Start of THE DATA

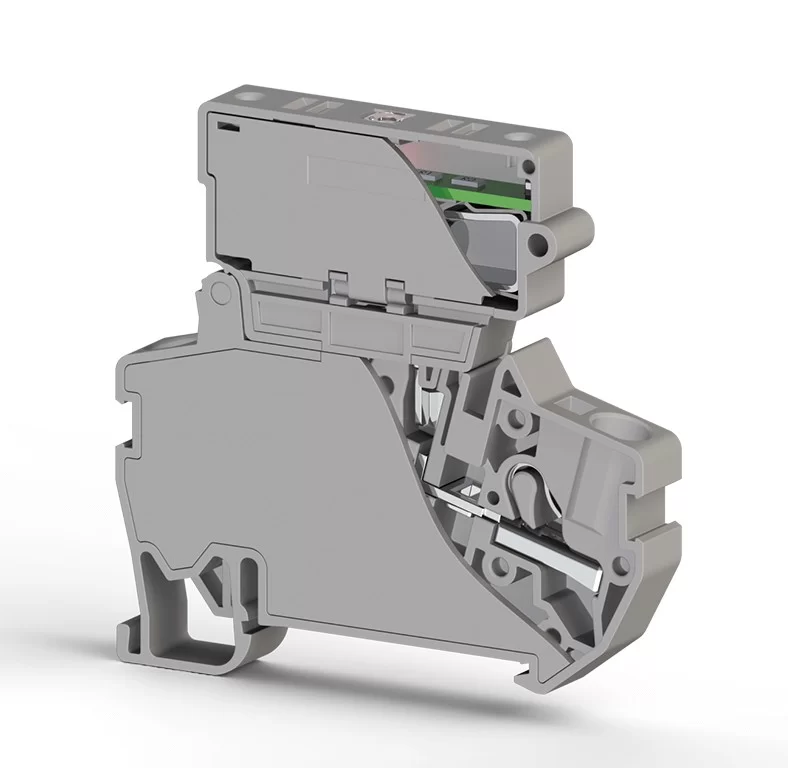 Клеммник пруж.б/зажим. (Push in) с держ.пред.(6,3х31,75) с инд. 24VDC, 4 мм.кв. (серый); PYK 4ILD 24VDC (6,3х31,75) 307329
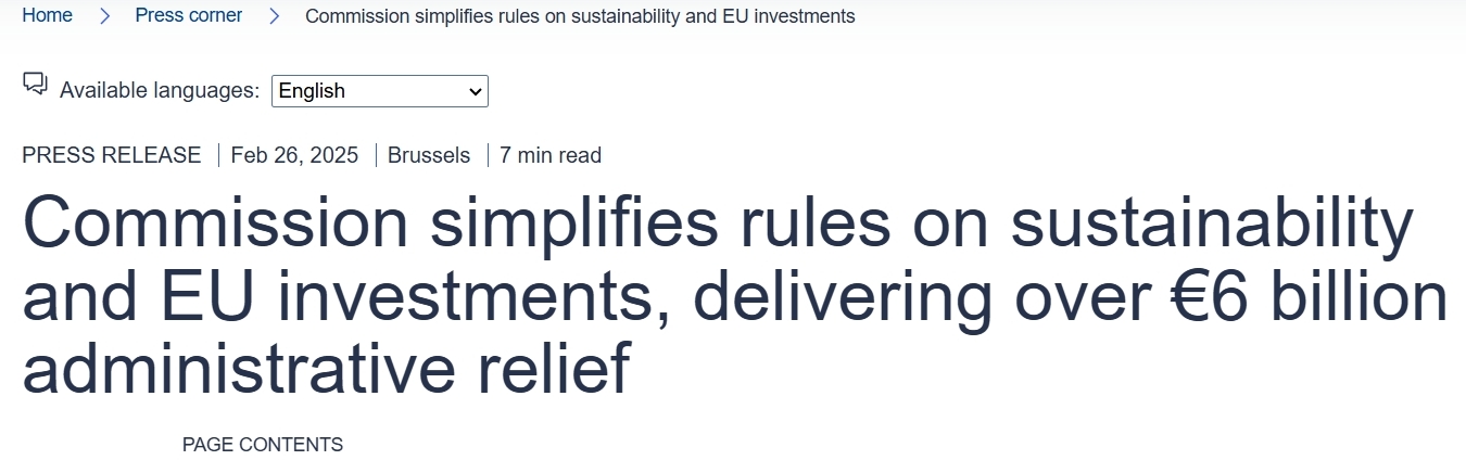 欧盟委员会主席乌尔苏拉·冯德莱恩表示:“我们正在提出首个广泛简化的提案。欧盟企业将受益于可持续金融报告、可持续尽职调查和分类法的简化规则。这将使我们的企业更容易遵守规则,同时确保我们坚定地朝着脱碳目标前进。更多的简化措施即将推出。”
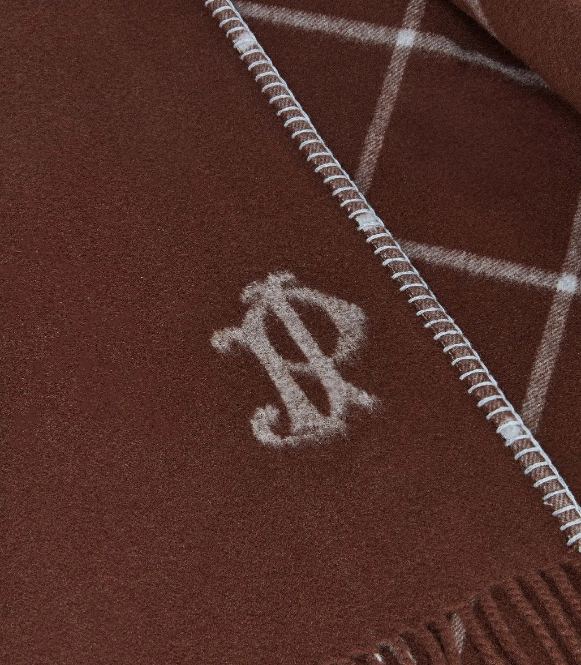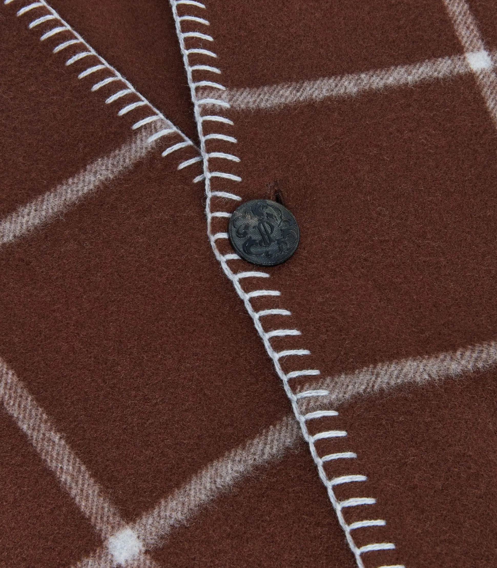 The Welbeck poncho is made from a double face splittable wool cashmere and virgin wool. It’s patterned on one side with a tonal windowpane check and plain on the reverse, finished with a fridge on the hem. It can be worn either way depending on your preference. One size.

End of THE DATA
Start of THE DATA

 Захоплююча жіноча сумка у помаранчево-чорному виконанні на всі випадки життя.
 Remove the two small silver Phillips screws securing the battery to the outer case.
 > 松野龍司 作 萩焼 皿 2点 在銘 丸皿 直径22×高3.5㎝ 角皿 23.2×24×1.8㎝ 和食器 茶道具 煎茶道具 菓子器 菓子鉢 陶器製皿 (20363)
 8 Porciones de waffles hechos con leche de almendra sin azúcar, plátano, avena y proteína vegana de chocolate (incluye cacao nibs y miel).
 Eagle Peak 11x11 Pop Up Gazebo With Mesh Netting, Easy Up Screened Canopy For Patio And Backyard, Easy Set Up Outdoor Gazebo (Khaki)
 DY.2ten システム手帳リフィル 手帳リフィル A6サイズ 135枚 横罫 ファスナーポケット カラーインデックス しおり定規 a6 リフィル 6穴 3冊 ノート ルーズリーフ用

End of THE DATA
Start of THE DATA

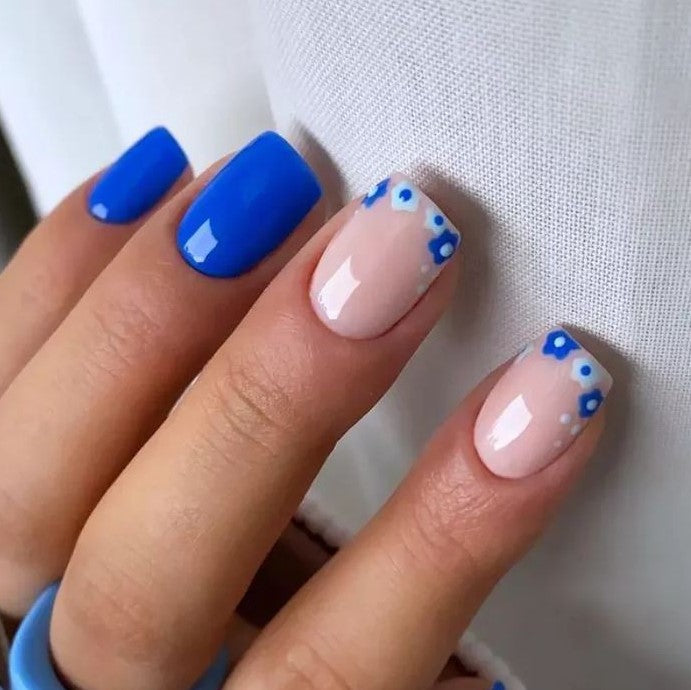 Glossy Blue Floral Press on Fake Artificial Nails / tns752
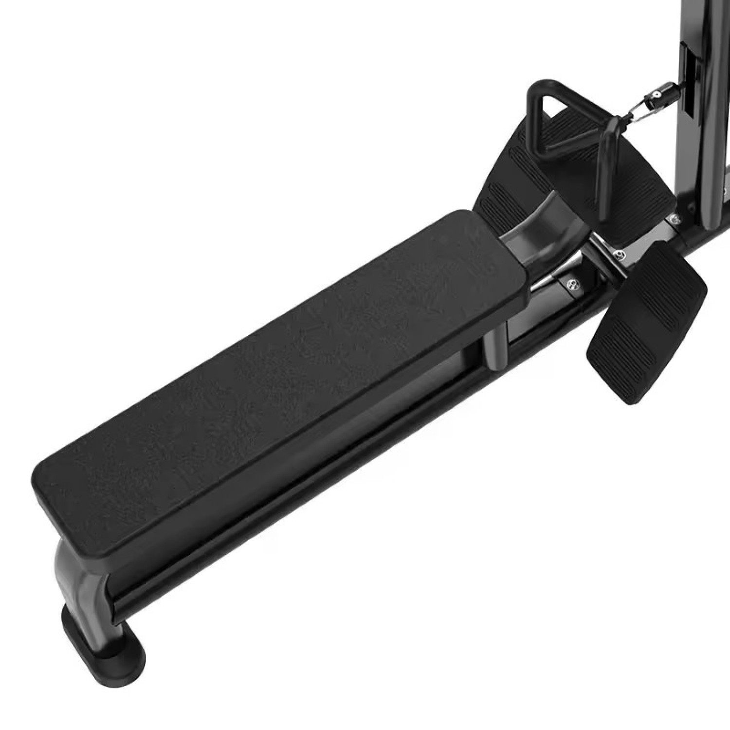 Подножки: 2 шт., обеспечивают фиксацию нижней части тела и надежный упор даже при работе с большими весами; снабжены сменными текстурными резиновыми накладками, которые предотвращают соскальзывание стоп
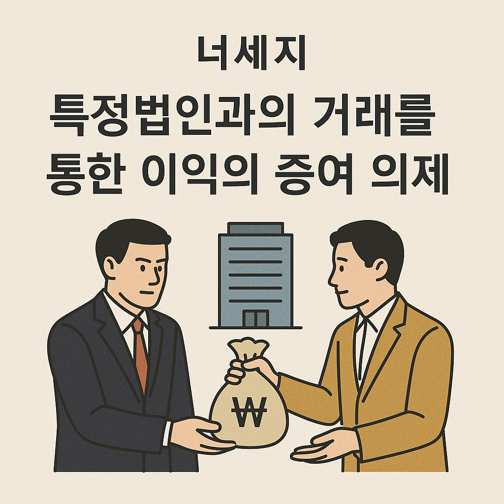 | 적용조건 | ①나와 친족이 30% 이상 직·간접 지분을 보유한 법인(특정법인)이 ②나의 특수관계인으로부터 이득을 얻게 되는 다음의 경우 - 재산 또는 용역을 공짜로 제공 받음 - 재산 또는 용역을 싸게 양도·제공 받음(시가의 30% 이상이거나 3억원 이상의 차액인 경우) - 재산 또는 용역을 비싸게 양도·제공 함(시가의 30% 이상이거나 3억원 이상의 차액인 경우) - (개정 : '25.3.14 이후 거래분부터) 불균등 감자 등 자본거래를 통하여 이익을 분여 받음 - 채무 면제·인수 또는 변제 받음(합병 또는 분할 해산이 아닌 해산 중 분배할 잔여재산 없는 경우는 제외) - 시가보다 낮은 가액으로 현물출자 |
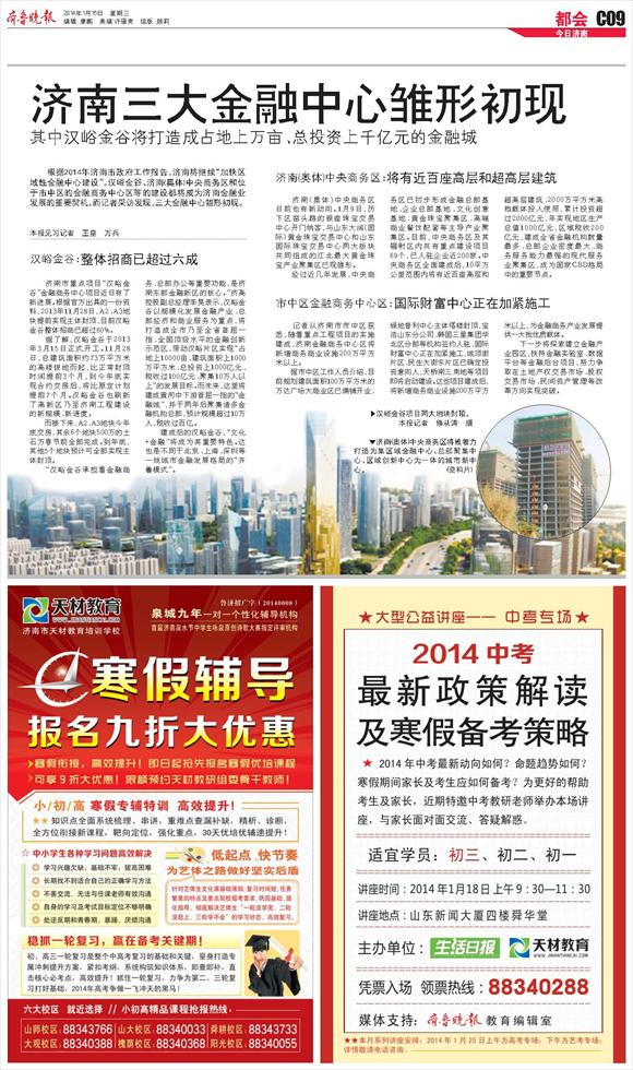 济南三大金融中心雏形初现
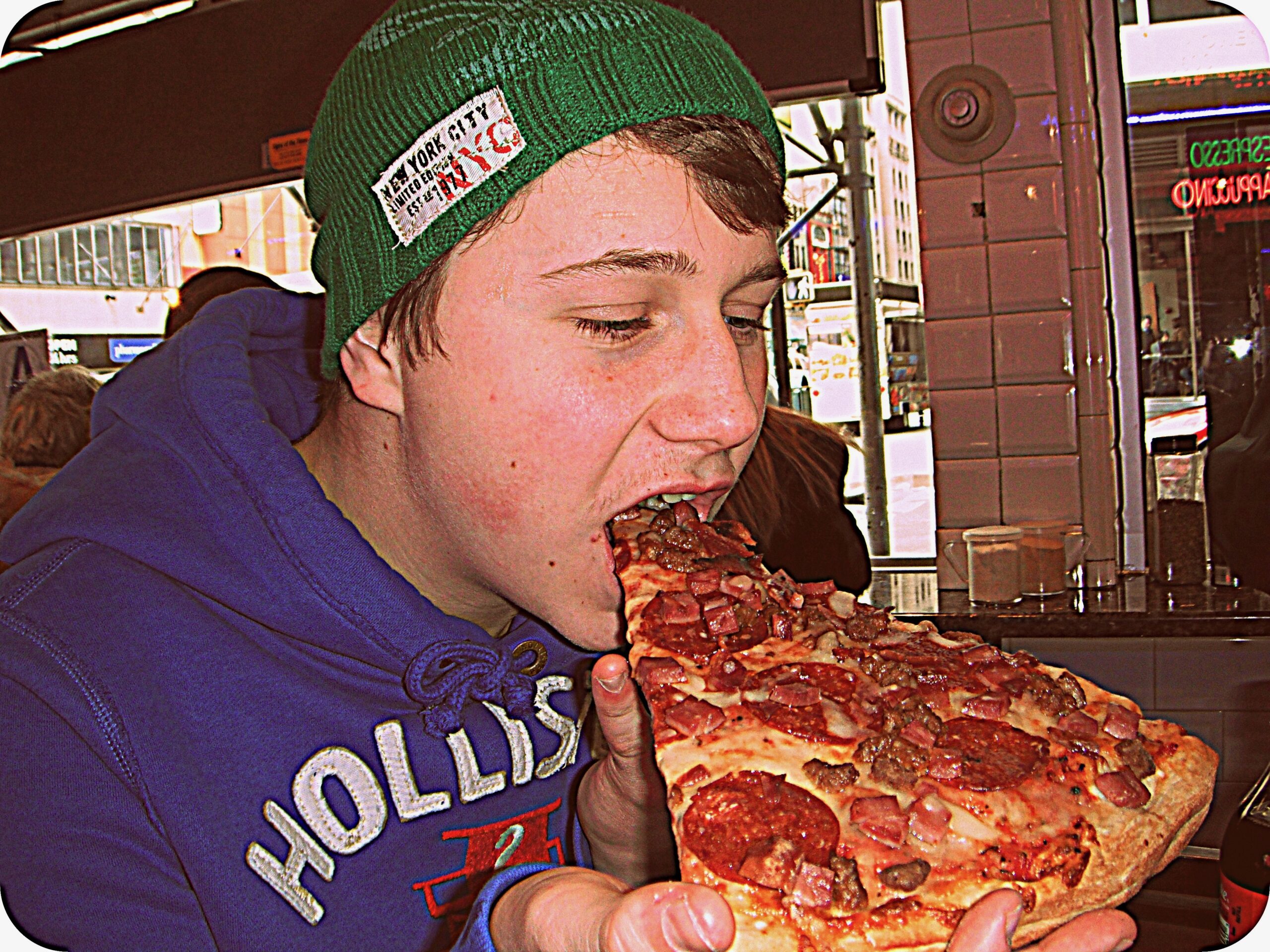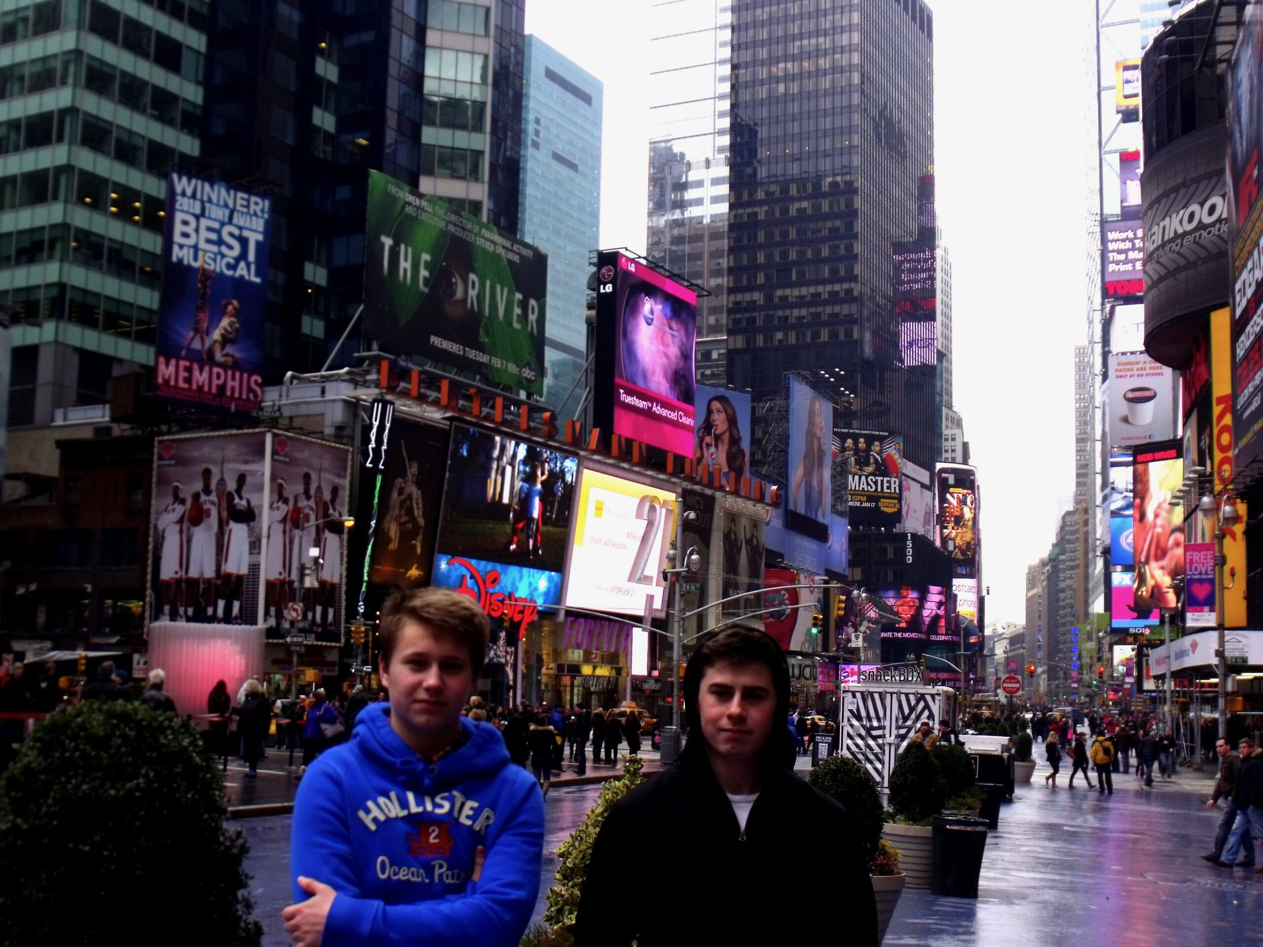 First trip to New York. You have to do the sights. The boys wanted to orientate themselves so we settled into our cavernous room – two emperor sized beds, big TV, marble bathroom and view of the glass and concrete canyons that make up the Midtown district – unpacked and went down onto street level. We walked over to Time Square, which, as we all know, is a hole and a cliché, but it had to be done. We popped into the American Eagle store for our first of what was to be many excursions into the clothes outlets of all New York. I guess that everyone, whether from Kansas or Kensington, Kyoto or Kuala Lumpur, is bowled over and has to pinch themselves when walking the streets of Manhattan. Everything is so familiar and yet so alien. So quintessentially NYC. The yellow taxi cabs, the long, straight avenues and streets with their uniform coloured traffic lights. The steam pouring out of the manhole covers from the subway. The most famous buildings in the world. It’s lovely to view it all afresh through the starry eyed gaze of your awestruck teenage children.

End of THE DATA

Scan the lines above for "8 Porciones de" and for "DY.2ten システム手帳リフィル 手帳リフィル". Repeat exactly the line holding each of them and every line in between.

=== YOUR RESPONSE ===
 8 Porciones de waffles hechos con leche de almendra sin azúcar, plátano, avena y proteína vegana de chocolate (incluye cacao nibs y miel).
 Eagle Peak 11x11 Pop Up Gazebo With Mesh Netting, Easy Up Screened Canopy For Patio And Backyard, Easy Set Up Outdoor Gazebo (Khaki)
 DY.2ten システム手帳リフィル 手帳リフィル A6サイズ 135枚 横罫 ファスナーポケット カラーインデックス しおり定規 a6 リフィル 6穴 3冊 ノート ルーズリーフ用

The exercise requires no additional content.